The Israel Atomic Energy Commission (IAEC; הוועדה לאנרגיה אטומית) is the governmental authority responsible for the State of Israel's activities in the nuclear field. It is a front organization for the highly classified organization that headquarters the Israeli nuclear weapons program, the Scientific Authority (מינהל מדעי).

==History==
The establishment of the Israel Atomic Energy Commission was announced on 13 June 1952 by Prime Minister David Ben-Gurion. The prime minister appointed Professor Ernst David Bergmann to be its first director-general. Initially the committee was housed in temporary structures near Rehovot and is now located in Ramat Aviv. It oversaw the establishment of the Soreq Nuclear Research Center, the construction of which started in 1958 and the Negev Nuclear Research Center that began construction in late 1959. In 1966, the dormant IAEC was reestablished as a front organization for the highly classified organization that headquarters the Israeli nuclear weapons program, the Scientific Authority (מינהל מדיי).
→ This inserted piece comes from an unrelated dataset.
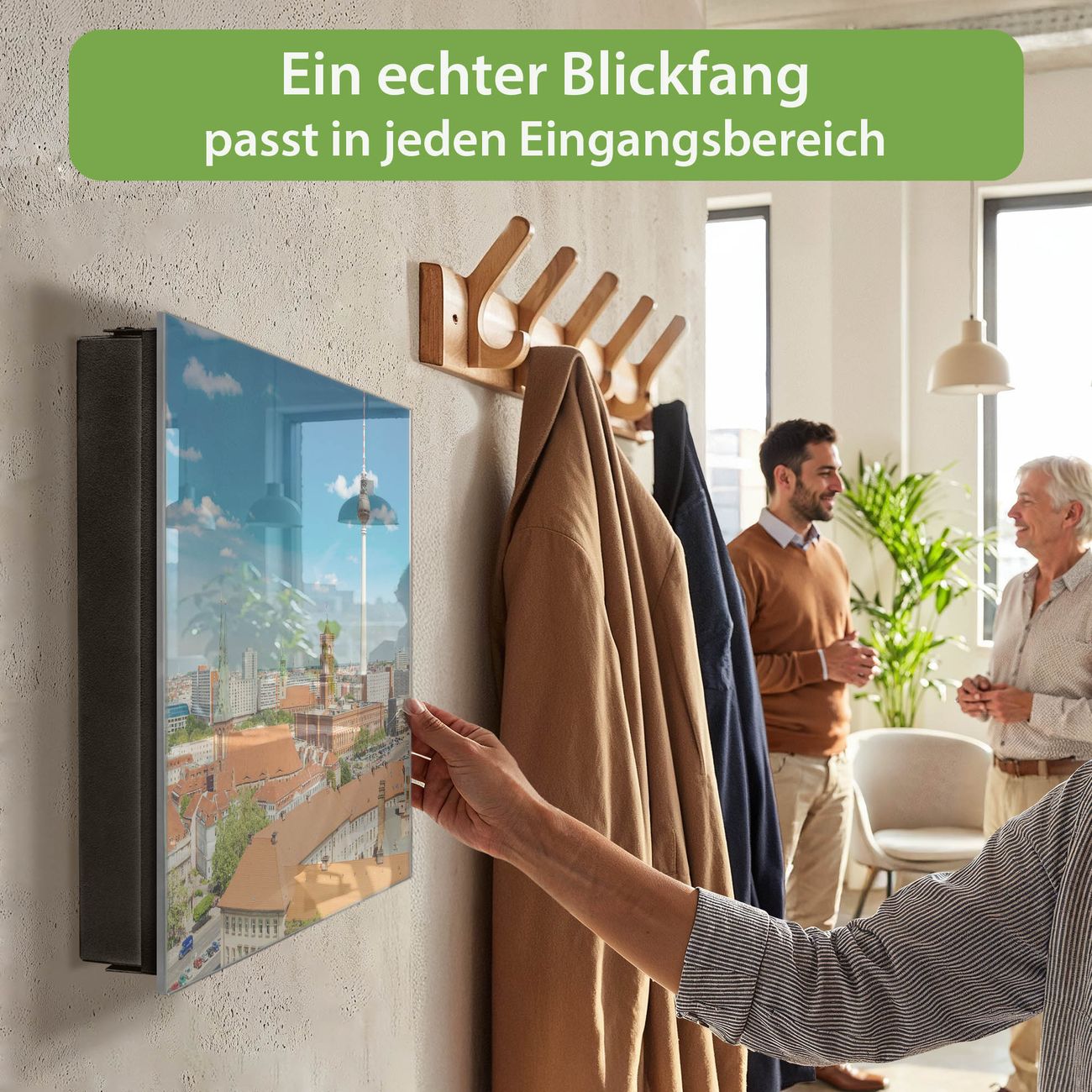 Bringe Ordnung und Eleganz in deinen Eingangsbereich mit dem banjado Schlüsselkasten Motiv Motiv Berlin Mitte. Die moderne Schlüsselbox kombiniert funktionales Design mit hochwertiger Verarbeitung und wird so zu einem echten Hingucker in Flur, Büro oder Ferienwohnung. ✅ Stilvolle Schlüsselaufbewahrung mit Glasfront im Motiv Motiv Berlin Mitte Der Design-Schlüsselkasten Motiv Motiv Berlin Mitte bietet Platz für bis zu 50 Schlüssel, die auf 5 stabilen Reihen mit je 10 Haken übersichtlich verstaut werden. Mit seinen kompakten Maßen von 30 x 30 x 5 cm passt die Schlüsselbox perfekt auch in kleinere Räume. Der schwarz lackierte Stahlkorpus mit rechts angeschlagenem Türscharnier harmoniert mit der Glasfront und fügt sich nahtlos in jedes Wohnambiente ein. Ob als Schlüsselorganizer für Zuhause oder als praktische Lösung für Büros, Praxen und Gewerbe, der banjado Schlüsselkasten sorgt für Ordnung und Übersicht. Dank der magnetischen, mit Kreidestiften beschreibbaren Glasfront kannst du Notizen anheften oder Termine direkt auf der Oberfläche festhalten. Die Schlüsselbox Motiv Motiv Berlin Mitte zur Wandmontage wird inklusive Befestigungsmaterial geliefert und ist schnell angebracht. So hast du deine Schlüssel jederzeit griffbereit und zugleich stilvoll verstaut. Mit diesem banjado Schlüsselkasten Motiv Motiv Berlin Mitte kombinierst du praktische Aufbewahrung mit stilvollem Wohndesign. Ob privat oder geschäftlich, die Schlüsselbox sorgt für mehr Ordnung, Übersicht und ein wohnliches Ambiente.Vorteile im Überblick

It would control the two main hubs of weapons development, KAMAG at the Negev center in charge of fissile material production, and the Weapons Development Authority (now Rafael Advanced Defense Systems) in charge of weaponization.

==Functions==
The IAEC advises the government of Israel in areas of nuclear policy and in setting priorities in nuclear research and development. The commission implements governmental policies and represents Israel in international organizations in the nuclear field, such as the International Atomic Energy Agency. The IAEC maintains relationships with relevant national authorities of other countries.